DIRECTIONS FOR THIS TASK: Each line from the first entry to the line with "这一张很有意思,院子里停着一", both included, is to be returned unchanged, with any pictures dropped.

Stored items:

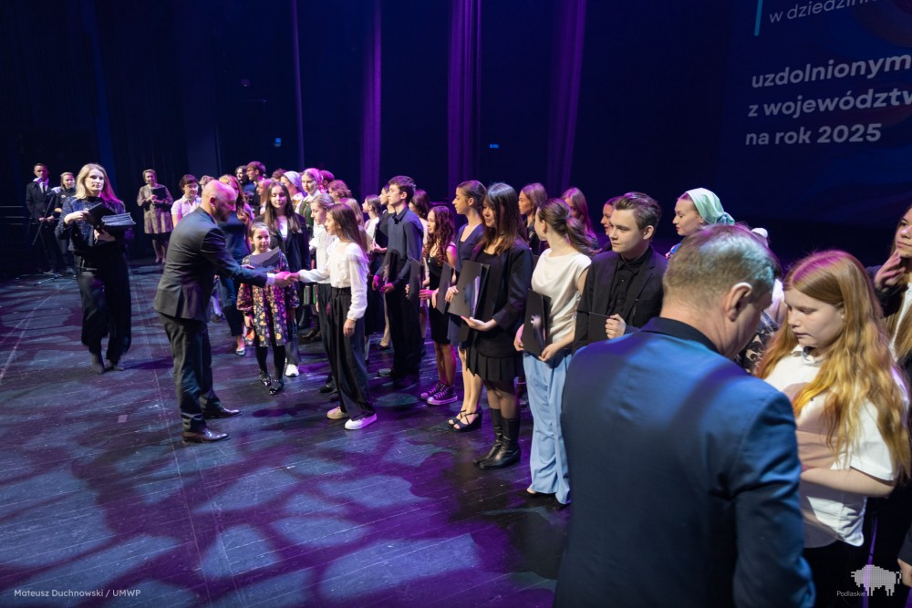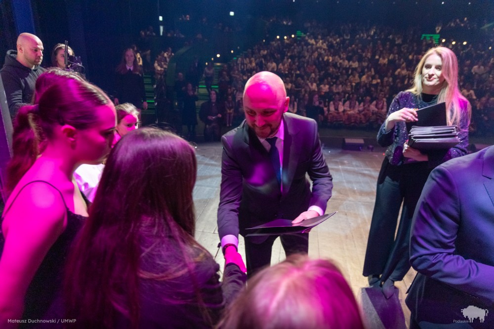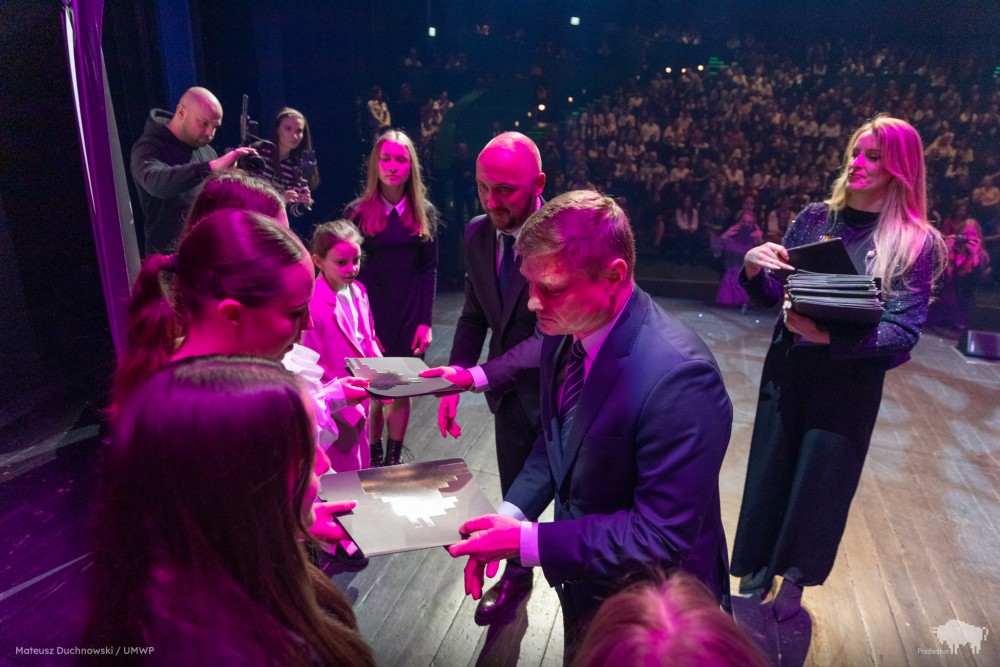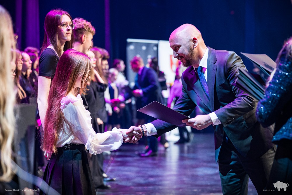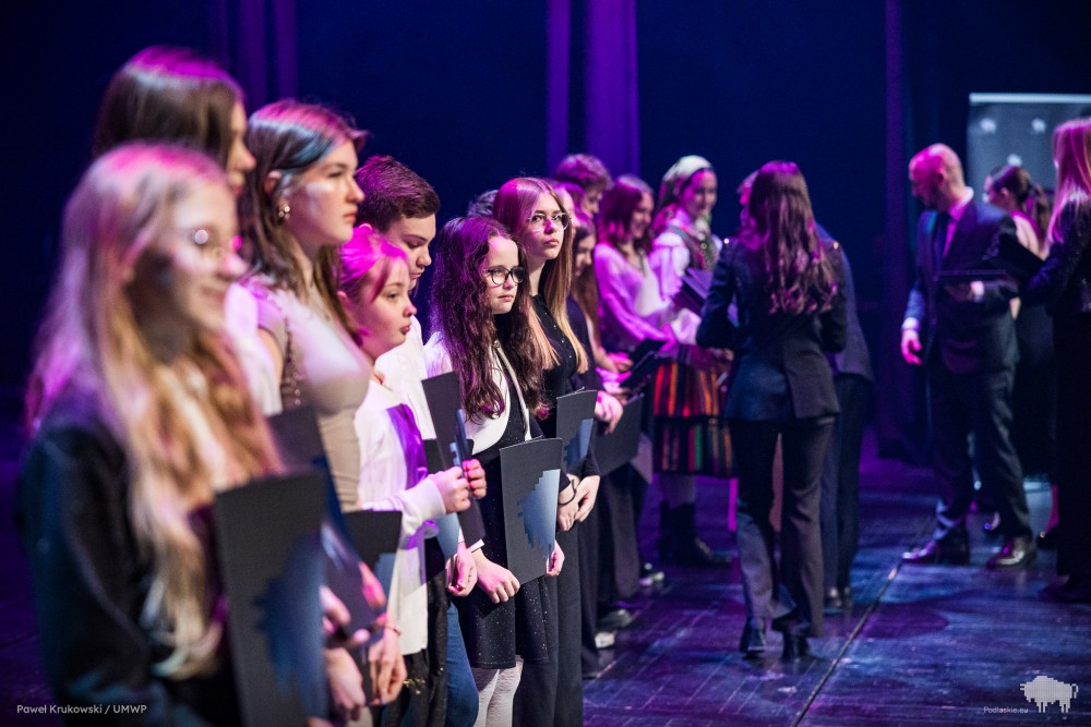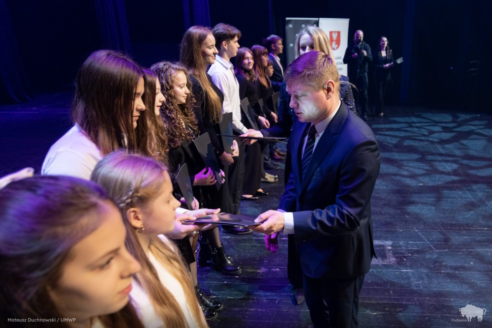Wyróżnienia stypendystom wręczyli marszałek Łukasz Prokorym oraz wicemarszałek Marek Malinowski podczas środowej, 26.03, gali w Operze i Filharmonii Podlaskiej.
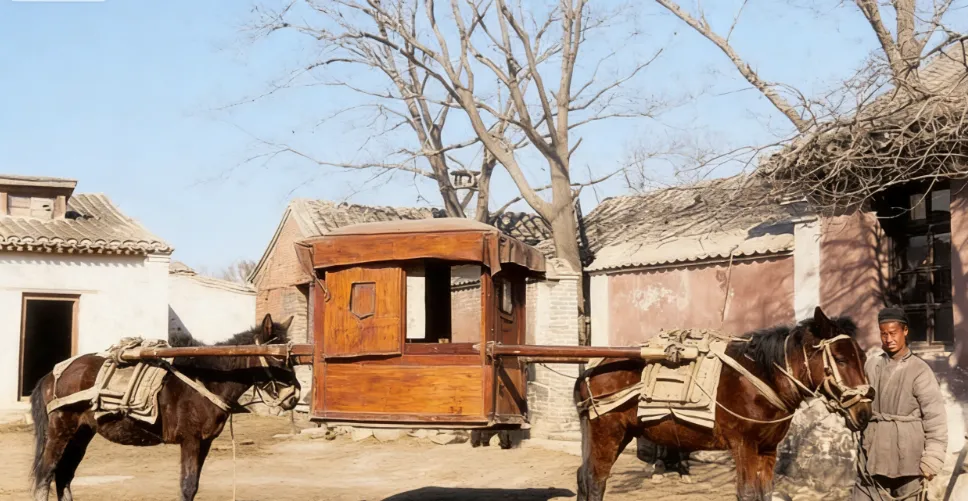 这一张很有意思,院子里停着一顶木轿,两边不是人抬,而是两头骡子分列前后。说实话,我以前也只是听过“骡驮轿”这个说法,真看到照片,才知道它比想象中更像一件正经运输工具。轿厢做得很厚实,木头颜色发亮,门窗规整,不像临时拼凑的,明显是长期使用的东西。
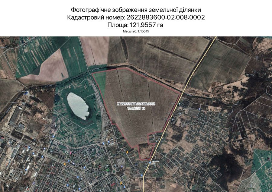 Земельну ділянку в суборенду передає ТОВ «Державний земельний банк» строком на 14 років. Початкова ціна продажу становить 296 868,37 гривень без урахування податку на додану вартість. Це 12% від її нормативної грошової оцінки. Зазначено, що на суму річної суборендної плати додатково нарахують ПДВ.
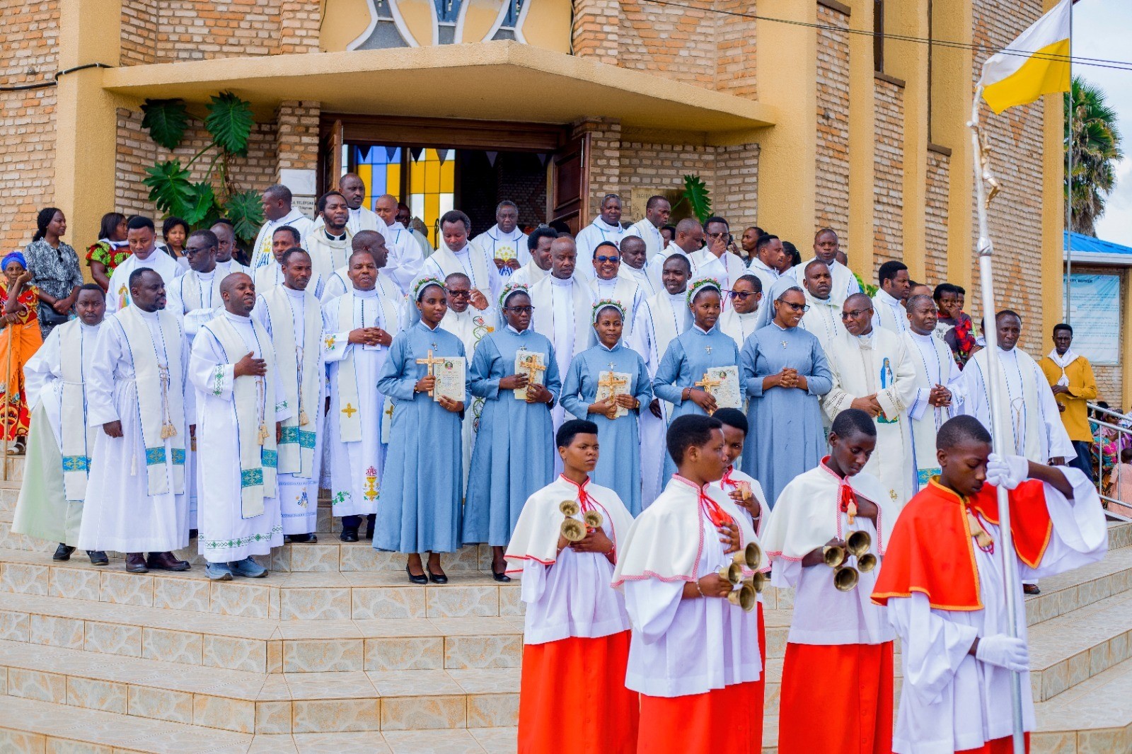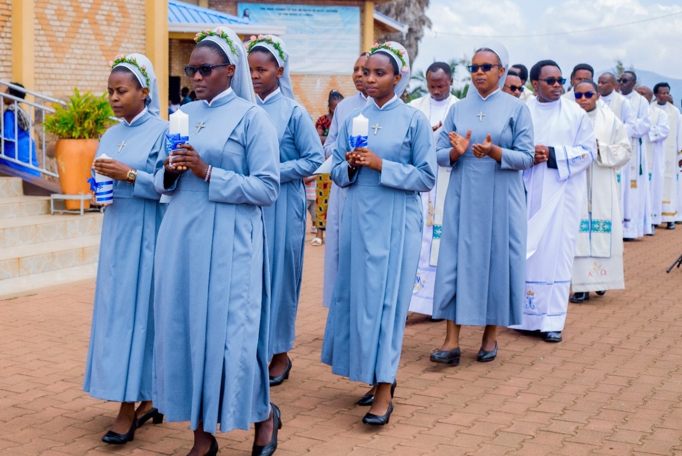 Die Freude war groß, als unsere vier Schwestern – Sr. Marie Adelphine Nisingizwe, Sr. Marie Claudine Niyongere, Sr. Marie Diane Ingabire Maniragaba und Sr. Marie Fortunée Hortence Uwizeyimana – nach ihrer intensiven Vorbereitung durch dreißigtägige ignatianische Exerzitien in Goma-Keshero, DR Kongo, ihre ewigen Gelübde in Kibeho ablegten; die Eucharistiefeier zum Hochfest der Unbefleckten Empfängnis wurde vom Diözesanbischof von Gikongoro, Célestin Hakizimana, zelebriert. Es war eine glückliche Fügung, dass die Feier der Gelübde unserer Schwestern mit einer Wallfahrt aus allen Diözesen Ruandas zusammenfiel: derjenigen der „Missionare Mariens, Mutter des Wortes“. Dies bereicherte die Feier. Viele Priester, die die Pilger begleiteten, sowie die Pilgernden selbst nahmen an der Messe teil, in der unsere Schwestern ihre ewigen Gelübde ablegten. Es war ein äußerst eindrucksvolles Zeugnis für viele Anwesende und für diejenigen, die die Feierlichkeiten aus der Ferne über Pacis TV und Radio Maria verfolgten.
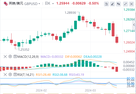 3月22日,周五欧市盘中,英镑/美元仍处于弱势,因为市场情绪相当低迷。英国央行(BOE)今年将降息的预期升温盖过了2月份零售销售数据(该数据大致好于市场预期),英镑/美元未能找到支撑。
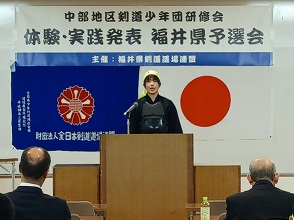 さて、昨夜は「中部地区剣道少年団研修会 体験・実践発表 福井県予選会」があいあいプラザで開催されました。県内から小学生5名、中学生3名が剣道を通じての体験など発表しました。それぞれ剣道をはじめたきっかけや日頃の稽古、大会に出場した感想など自分の言葉で語りかけました。

RESPONSE:
Wyróżnienia stypendystom wręczyli marszałek Łukasz Prokorym oraz wicemarszałek Marek Malinowski podczas środowej, 26.03, gali w Operze i Filharmonii Podlaskiej.
 这一张很有意思,院子里停着一顶木轿,两边不是人抬,而是两头骡子分列前后。说实话,我以前也只是听过“骡驮轿”这个说法,真看到照片,才知道它比想象中更像一件正经运输工具。轿厢做得很厚实,木头颜色发亮,门窗规整,不像临时拼凑的,明显是长期使用的东西。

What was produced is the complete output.